At the end of this tutorial, we’ll know how a brute-force search works and how to implement it in practice.

2. A Force That’s Brute

Brute-force is an algorithm for exhausting a problem by testing all of its possible solutions or, in terms of strings searches, for finding a substring by checking all of its possible positions. It’s commonly studied in the sector of network security, because of the frequent encountering of brute-force attempts for unauthorized authentication.

The reason for its name lies in the fact that the algorithm attempts all possible solutions, in order, and without any particular preference. In this sense, the algorithm embeds no knowledge of the problem, which makes it therefore either dull or brute.

Here, we first analyze the brute-force algorithm for the more general problem of sequence matching. Then, we can derive its simplified version for substring matching in strings.

2.1. Brute-Force for Known-Length Sequences

A brute-force search is possible if we know the $k$ symbols $S = \{s_1, s_2, ..., s_k\}$ that a target sequence can contain. If we also know the length $n$ of that sequence, we then proceed in this order:

First, we try the sequence $a$ comprised of $k$ repetitions of $s_1$
Then, if the sequence fails, we change the first element of $a$ to $s_2$
If this also fails, we change sequentially the first element of $a$ to all possible symbols in $S$ , in order
If this fails too, we change the second element of $a$ to $s_2$ and repeat from the start
Finally, we sequentially test all possible symbols in $S$ as the second element of $a$ and, if that fails, we continue with all the other elements of $a$ until we find a solution

This is the flowchart of the algorithm:

2.2. Computational Time

The algorithm requires the testing of all $k^n$ possible combinations in the worst-case scenario. For this reason, its computational time is $\boldsymbol{O(k^n)}$ , for $\boldsymbol{k}$ and $\boldsymbol{n}$ asymptotically large.

Notice that this grows very quickly, as the parameters $k$ and $n$ increase. As an example, if the sequence has length 2 and 2 possible symbols, the algorithm then tests a maximum of $2^2 =4$ possible combinations:

If, however, the sequence has length $n=8$ and uses as symbols the $k=26$ characters of the alphabet, as some basic passwords may, we then have $k^n = 26^8 = 208,827,064,576‬$ possible combinations:

Finally, if the symbol set is the 128 characters of ASCII, and the target sequence has a length of 10, then the number of possible combinations $128^10$ is close to $10^21$ . If we performed $10^9$ attempts per second, it would take us around $10^5 - 10^6$ years to test all possible combinations.

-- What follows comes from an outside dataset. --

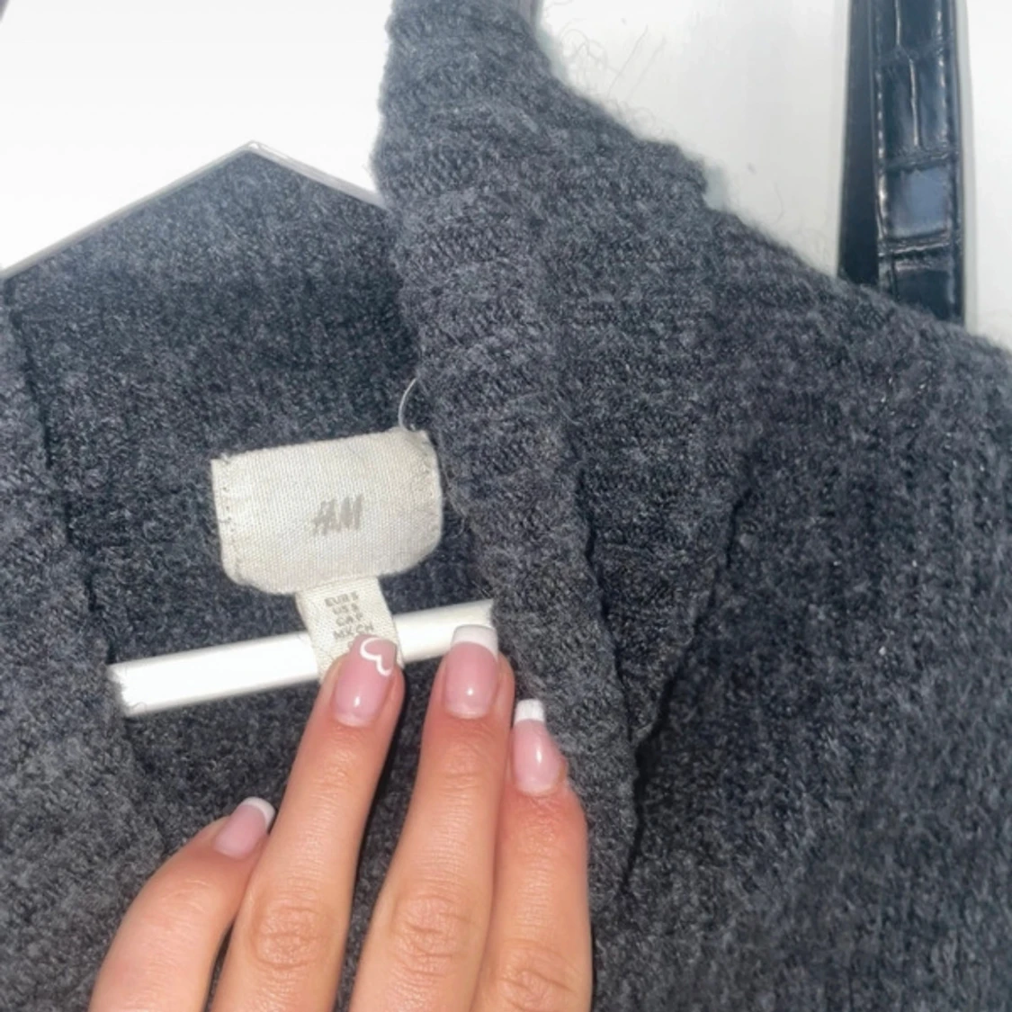 Mysig mörkgrå stickad polotröja från H&M i storlek S. Tröjan har en hög krage och är ribbstickad för extra struktur. Perfekt för kyliga dagar och enkel att styla med jeans eller kjol. Klassisk och tidlös design som funkar året runt.

There’s also a great degree of variability in the actual computational time. Because we don’t have any reason to believe that the target sequence is located in a particular section of the search space, the expected time for completion is $O(\frac{k^n} {2}) = O(k^n)$ . The best-case, instead, is $O(1)$ , if the first value attempted is the target value.

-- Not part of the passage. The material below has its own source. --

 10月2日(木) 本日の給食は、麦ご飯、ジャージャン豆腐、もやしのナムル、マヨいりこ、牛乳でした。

2.3. Sequences of Unknown Length

If we don’t know the length $\boldsymbol{n}$ of the target sequence, but we know it’s finite, we need to test all possible lengths until we find the right one. This means that we first test the algorithm against a sequence of length one, which we can do in $O(k^1)$ time.

The second iteration requires $O(k^2)$ time, which is significantly larger than $O(k)$ . Therefore, for $k$ asymptotically large, the first two iterations require $O(k^2)$ time.

If we repeat this argument, for $n$ and $k$ asymptotically large the computational time remains $\boldsymbol{O(k^n)}$ , as was the case for sequences of fixed length.

3. Brute-Forcing a String Search

The algorithm for brute-force search in a string is based upon the same underlying principle as the previous one. In this case, though, we’re searching whether a string of length $n$ contains a substring of length $m$ . If it does, we want to know its position in the string.

We’ll see an example of usage first, and then its formalization.

3.1. Searching for Truth

In this example, we’re searching for the word “truth” in Jane Austen’s famous quote:

In the first step of the algorithm, we compare the first character of the string with our search term:

Because the comparison fails, we shift the comparison to the second element of the target sequence, and to the first character of our search term:

Because the comparison succeeds, we can try to test the second element of our search term with the next element of the target sequence:

This time we’re not so lucky. We can, however, move forward, and keep repeating the comparisons. We do so until we reach the element with index 8:

The sequential comparison of all elements of the search term with all elements of the target sequence, starting from that index, is here successful. This means that we identified the search term as the substring of characters comprised between $8$ and $8+m$ of the target sequence.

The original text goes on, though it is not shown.